We were driving up through France on our way back from Spain in March when I realised I was getting frozen about the midriff. No amount of heating changed the situation. I looked under the bonnet to find that the insulation had become unscrewed from the cross member and was "scooping" freezing air into the cab under the dashboard. Being practical this was not a problem. I found a handful of replacement screws and repaired it. They all pulled out within 20 miles. So I used bigger screws. They lasted 30 miles. ...and bigger screws... Eventually I used half a roll of tank tape and that last a fair distance before it had to be replaced with the other half of the roll to get us home.

Has anyone else had this problem and is there a more permanent fix? 

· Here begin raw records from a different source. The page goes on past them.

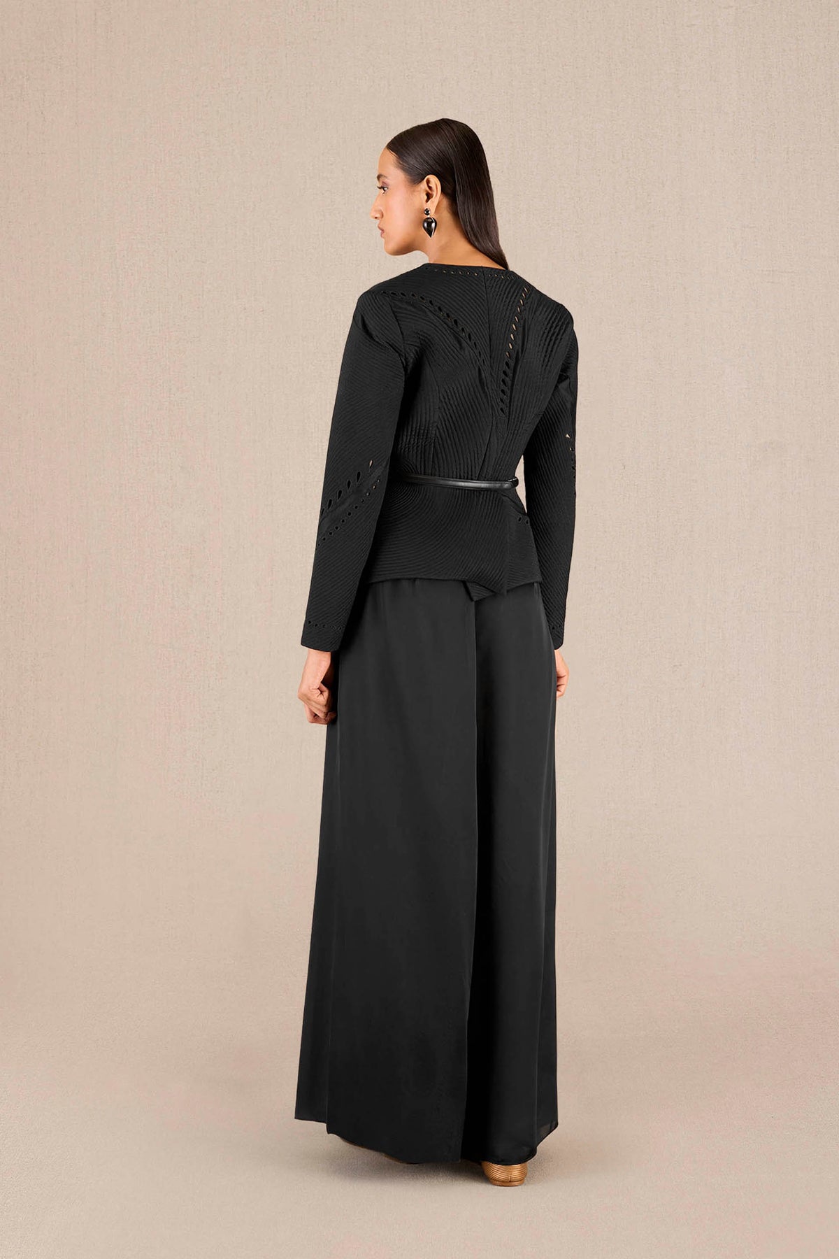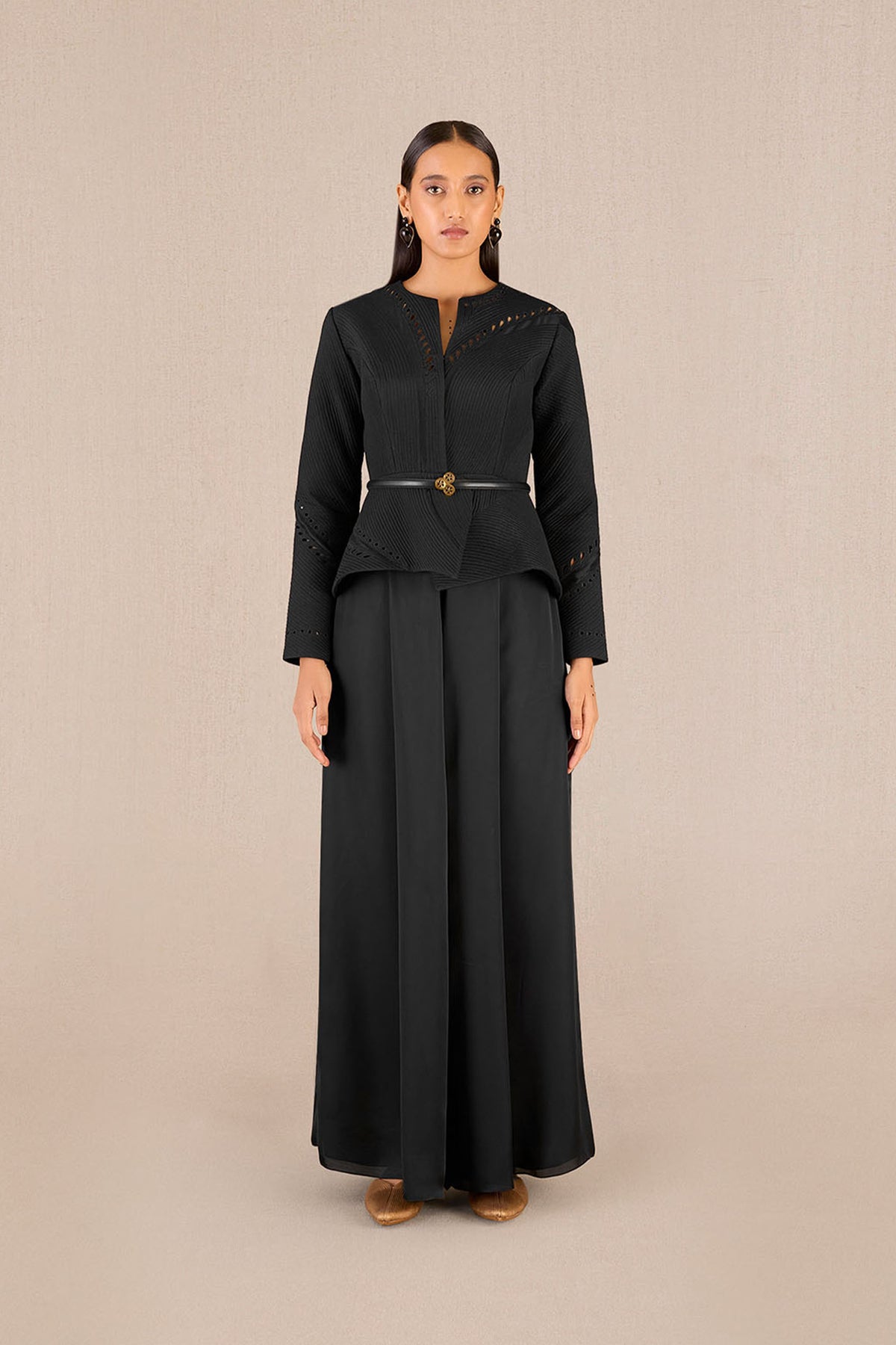 Luxury meets elegance in our rifat jacket set. With a structured peplum-inspired chanderi (cotton silk) jacket and matching chanderi palazzos, this all-black set is the perfect companion for all your work needs. Intricate quilting runs the length of the jacket in curving lines, punctuated by cut-out motifs of leaves and circles. Wear rifat with our aira bag and elena flats.
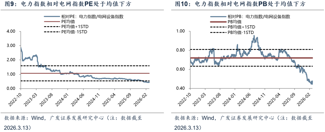 1. 估值角度:电力相对电网设备的估值处于历史低位
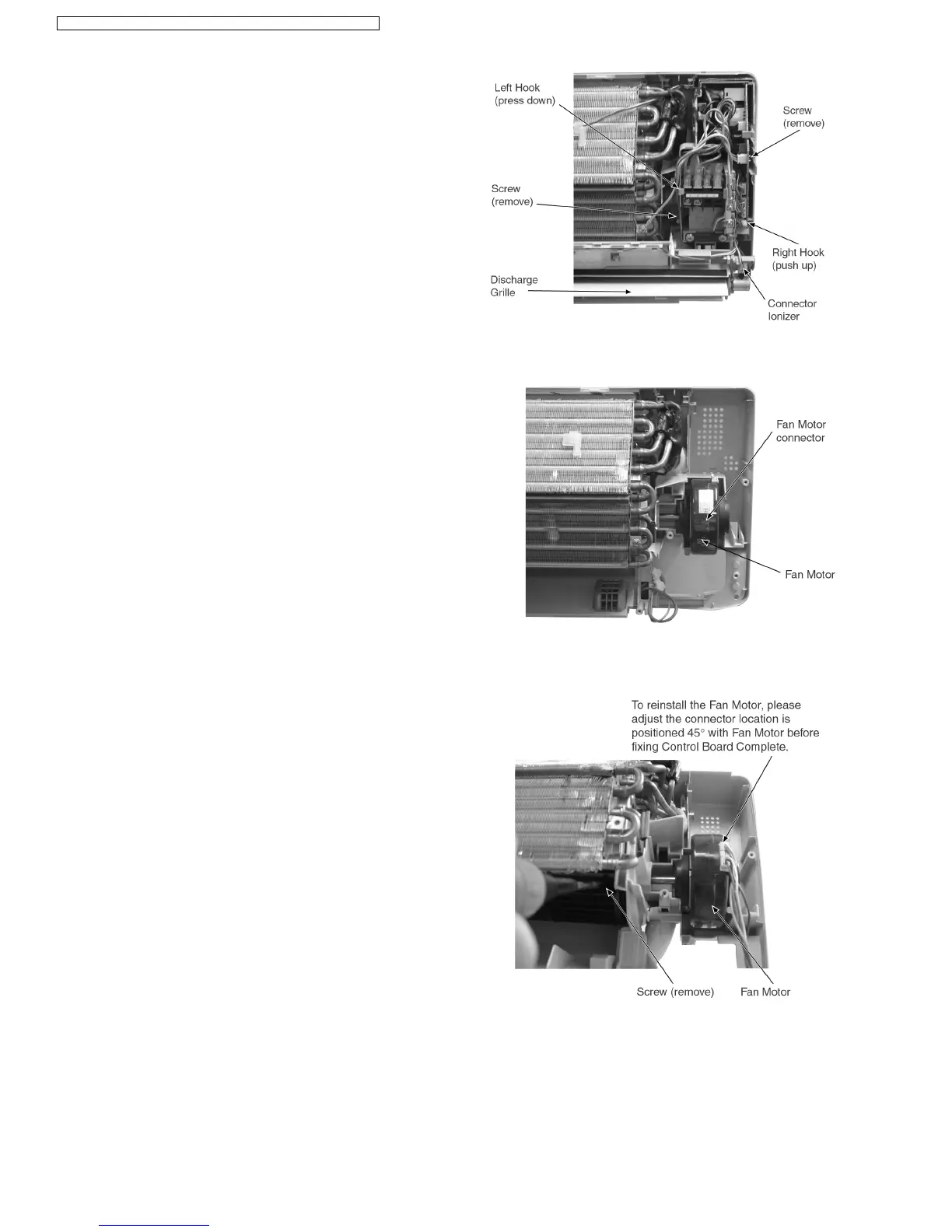 Release the Fan Motor leadwire by pressing the hook at
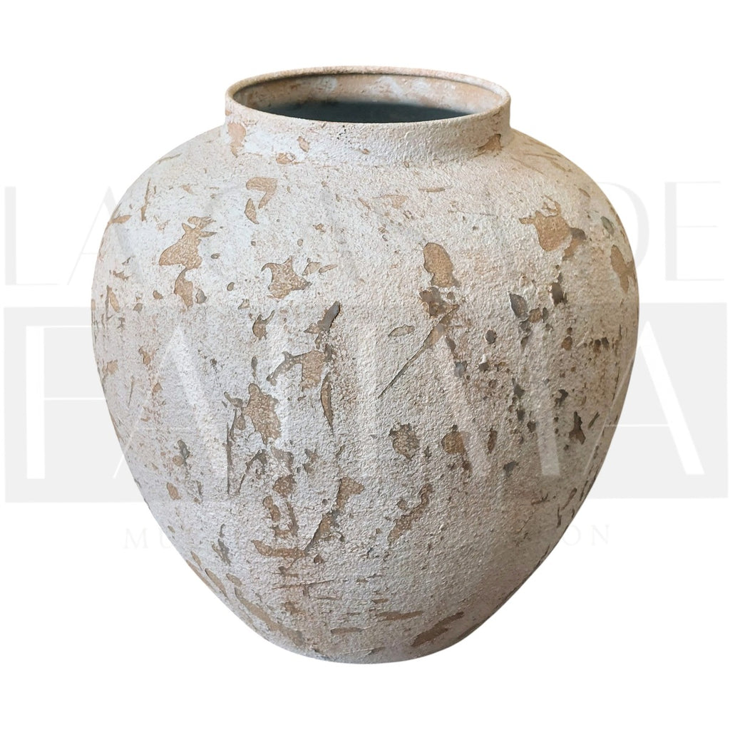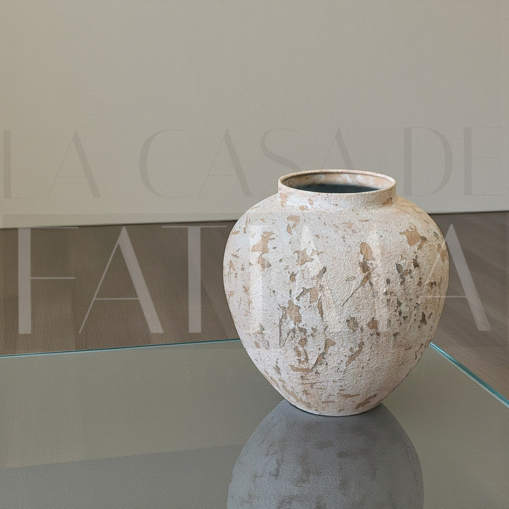 Eleva cualquier rincón con este jarrón de metal de líneas orgánicas y acabado envejecido en tonos arena. Su textura mate tipo “cemento/piedra” aporta carácter y calidez, perfecto para un living, recibidor o dormitorio de estilo mediterráneo, rústico chic o wabi-sabi.
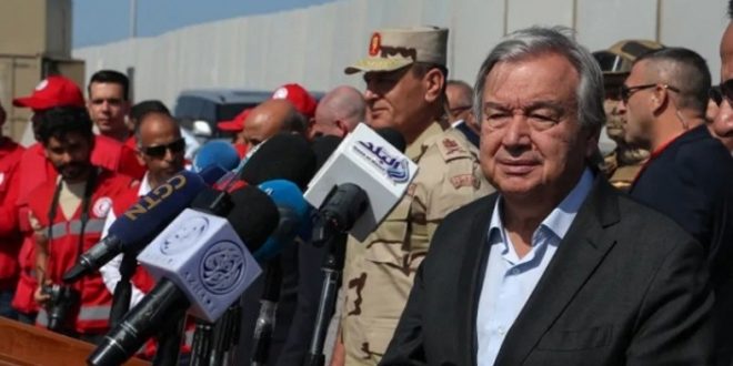 وقال غوتيريش خلال مؤتمر صحفي اليوم من أمام معبر رفح: “إن سكان قطاع غزة يعانون من انعدام الماء والغذاء والوقود والمواد الأساسية، ونحن بحاجة لنقل شاحنات المساعدات من معبر رفح البري بالجانب المصري إلى الجانب الفلسطيني وبأعداد كبيرة، وينبغي الإسراع بذلك”.
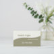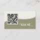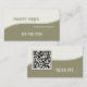 Business card featuring a simple design in olive green and soft off-white colors. On the back is your customized QR code.
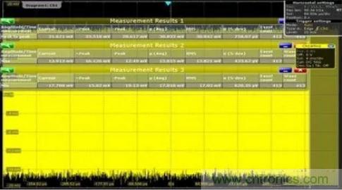 根據傳統電源調試經驗,首先在該網絡上增加了一些去耦電容,增加電源網絡的阻抗余量, 保證在中頻段的電源網絡阻抗都能滿足該應用場景的需求。結果紋波僅降低幾mV,改善微乎其微。產生這個結果有幾個可能:1、噪聲處在低頻,并不在這些去耦 電容起作用的范圍內;2、增加電容影響了電源調節器VRM的環路特征,電容帶來的阻抗降低與VRM的惡化抵消了。帶著這個疑問,我們考慮使用示波器的頻域 分析功能來查看電源噪聲的頻譜特性,定位問題根源。
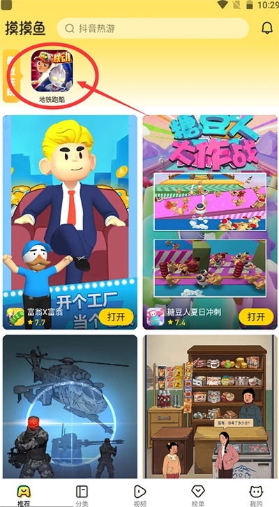 1、先下载并安装摸摸鱼的最新版本,打开应用进入主界面后,选择自己想玩的游戏。
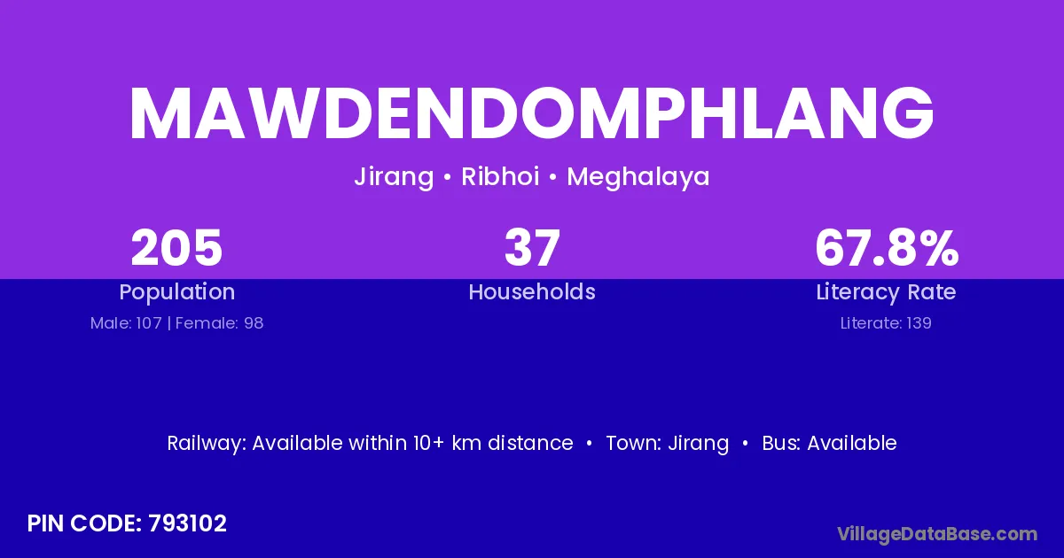 Mawdendomphlang village has a total population of 205 people, of which 107 are males and 98 are females.
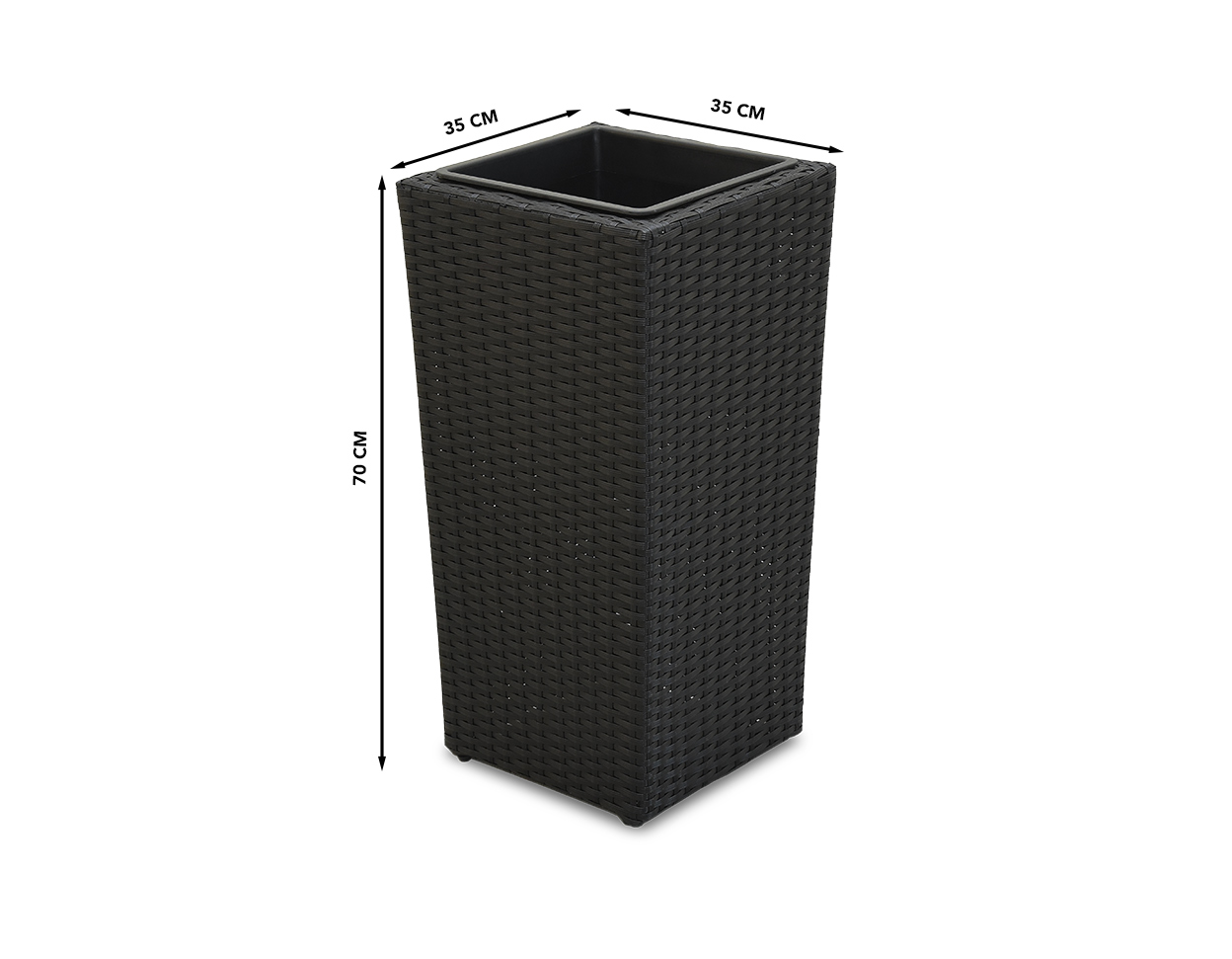 • Vastupidav materjal talub erinevaid ilmastikuolusid ja sobib suurepäraselt terrassile, rõdule või aeda (soovitatav torgata augud põhja alla, et vesi välja jookseks)
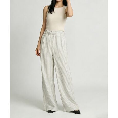 繊細な縦プリーツが上品な表情を演出する、ナチュラルテイストのイージーワイドパンツ。ストライプ調の縦ラインが脚をすっきりと見せ、リラックス感がありながらも大人っぽい印象に仕上がります。
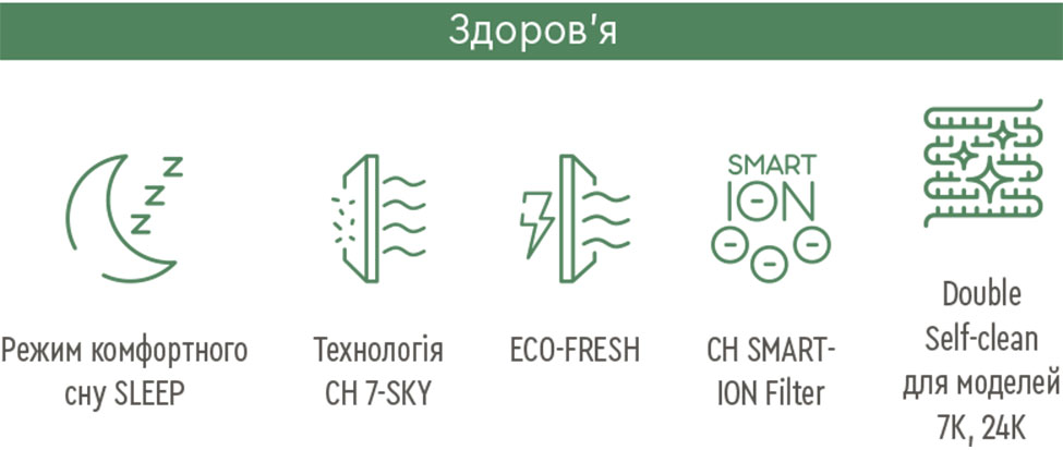 Фильтр тонкой очистки "7-Sky Technology", Ионизатор воздуха "Smart-Ion Filter". "I Feel" - встроеный датчик температуры в пульте, Авторестарт, Автоочистка, Автоматическая разморозка, Мягкий старт, Горячий старт, Низковольтный пуск, Низкотемпературный пуск, Широкоугольные жалюзи, Автоматическое качание вертикальных жалюзи, LED дисплей, Таймер 24 часа, Защита от перепадов напряжения, Защита дома от обмерзания +8°C., Турбо режим, ночной режим, авто режим, Самодиагностика, Режим комфортного сна SLЕЕР, Интеллектуальная разморозка, Антикоррозийное покрытие корпуса внешнего блока, Теплообменник с антикоррозийным покрытием GREEN-FIN, Автоматическая система защиты от обледенения.
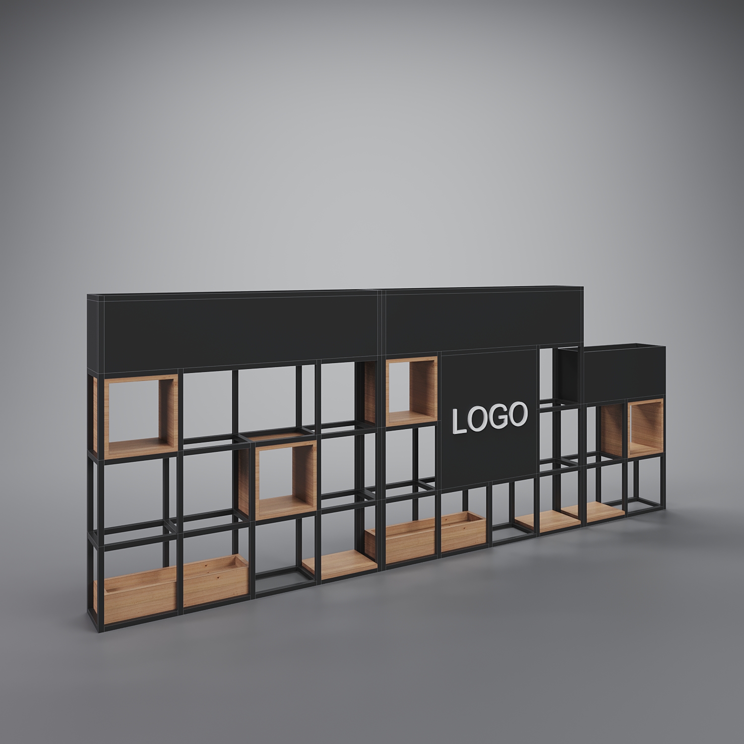 / سازه فلزی پروفیل ۲ در ۲ با رنگ الکترو استاتیک، ام دی اف سوپرمات مشکی و طرح چوب
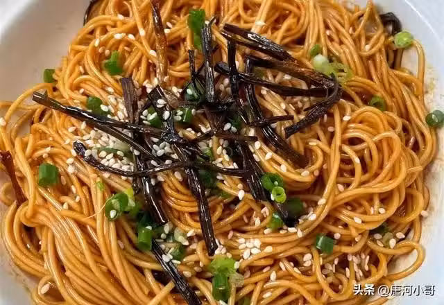 4、麵條煮好後撈出,把蔥油醬淋在麵條上,撒上白芝麻、小蔥,最後把炸酥脆的蔥葉拌勻就可以吃啦。
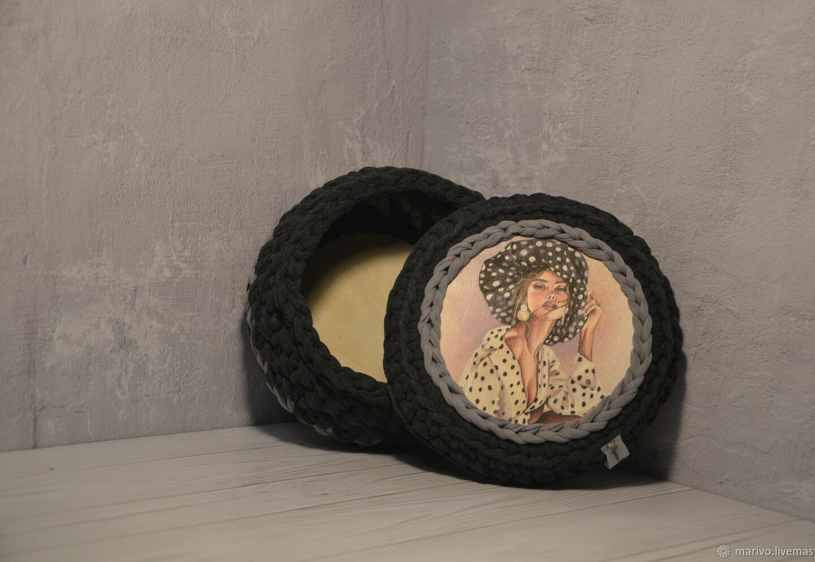 И поможет в этом вязаная корзинка/шкатулка с крышечкой "Девушка в шляпе".

I had thought of forcing epoxy putty into the existing screw holes and drilling for new self-taps but as I can't get to the inside of the cross member to form the putty over on the inside, the fix wouldn't last long either. Glue wouldn't be effective because of the fibrous nature of the insulation.

The snag is that there is lots of vibration and lots of airflow. Not good for a simple fix.

Any ideas?

HyFy

PS I had thought to fibre-glass some flat hooks to hold the insulation in place but wondered for how long we would be inhaling the resin fumes!!


----------



## Pudsey_Bear (Sep 25, 2008)

Could you glass some 25 PSE wood up to give you some meat to screw into, perhaps using those beige clamps for the Truma blown air heating pipes,










or maybe even just glass a few of those in direct, as they have a decent size base to them, you'd need to support them of course until the resin cured.


----------



## emjaiuk (Jun 3, 2005)

I'd screw AND glue a strip of plastic or metal to the bodywork immediately in front of the insulation, clamping the insulation down. Similar to the way a carpet gripper works between a solid floor and carpet. That should divert the airflow away from the gap between the insulation and the bodywork.

Best of luck

Malcolm


----------



## Pudsey_Bear (Sep 25, 2008)

Bugger, I completely misread the OP, sorry, other things on my mind, I thought ducting for some reason was the problem.

I'd find some method of closing the gap, perhaps wedges or short sticks to hold it closed and doing it in sections, get some strips of glass fibre matt well soaked in resin & close it up, let those go off which will then hold it together while you do the same to the remaining parts, bad design by the sound of it.

It'll look a bit odd, so maybe get some matt black brush paint to make it look better once it gone off, if possible leave it until you get home and not going to be using it for a while to get rid of the resin smell.


----------



## Jean-Luc (Jul 21, 2005)

Think of the standard vehicle cab, now think of the bit between the front of the standard dash, the bit between the bottom of the windscreen and where the standard bonnet closes (the bit where the original windscreen wiper spindles would have come through).

In an A class it is to this few inches that the underside of the extended dash is fixed to. The configuration is usually a return fibreglass section from the bottom of the windscreen ope which is fixed to the metal bit mentioned above, this is then covered/trimmed off by the visible dash extension which extends beyond the vehicle original dash to the bottom of the A Class windscreen.
It has been know for this fixing to come adrift, symptoms are movement/vibration between the vehicle dash and in your case the Pilote dash extension, also this parting of company opens up a clear passage for under-bonnet air/fumes to pass straight into the cab area.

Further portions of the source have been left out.